YOUR INSTRUCTIONS >>
Each line below must be reproduced exactly as it stands. Pictures stay out of the copy.

DATASET SECTION >>
__________

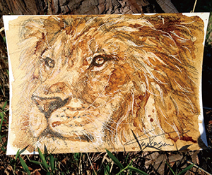 コーヒーを筆に含ませ絵を描く-初めての経験だ。東京・三鷹市のギャラリー「アートスペース吉祥寺」で開催された珈琲画教室に参加しました。講師は鈴木掌(つかさ)さん。アフリカ・ルワンダで服飾デザインを教えていた経歴も持つ意欲的なアーティストです。
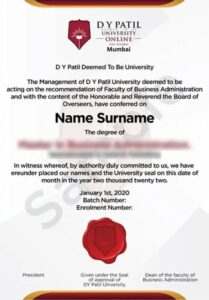 The degree certificate includes the student’s name, programme title, specialization (if applicable), programme duration, and date of completion. It also carries the official university seal and accreditation details, confirming its authenticity and acceptance.
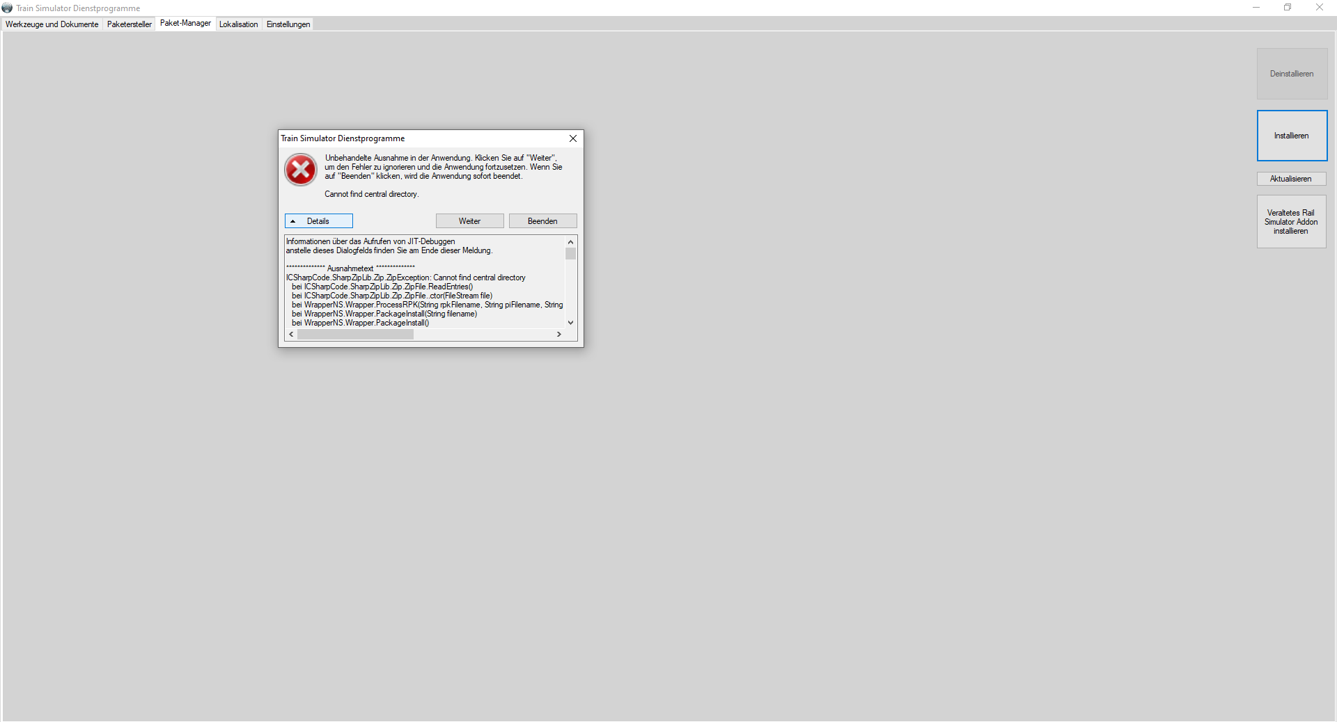 Hallo kann mir wer helfen bekomme immer wenn ich den vR BR185 "Railpool CargoNet" Repaint auf den Train Simulator mit Utilities installiere immer eine Fehlermeldung .

__________

SOLVED EXERCISE >>
 コーヒーを筆に含ませ絵を描く-初めての経験だ。東京・三鷹市のギャラリー「アートスペース吉祥寺」で開催された珈琲画教室に参加しました。講師は鈴木掌(つかさ)さん。アフリカ・ルワンダで服飾デザインを教えていた経歴も持つ意欲的なアーティストです。
 The degree certificate includes the student’s name, programme title, specialization (if applicable), programme duration, and date of completion. It also carries the official university seal and accreditation details, confirming its authenticity and acceptance.
 Hallo kann mir wer helfen bekomme immer wenn ich den vR BR185 "Railpool CargoNet" Repaint auf den Train Simulator mit Utilities installiere immer eine Fehlermeldung .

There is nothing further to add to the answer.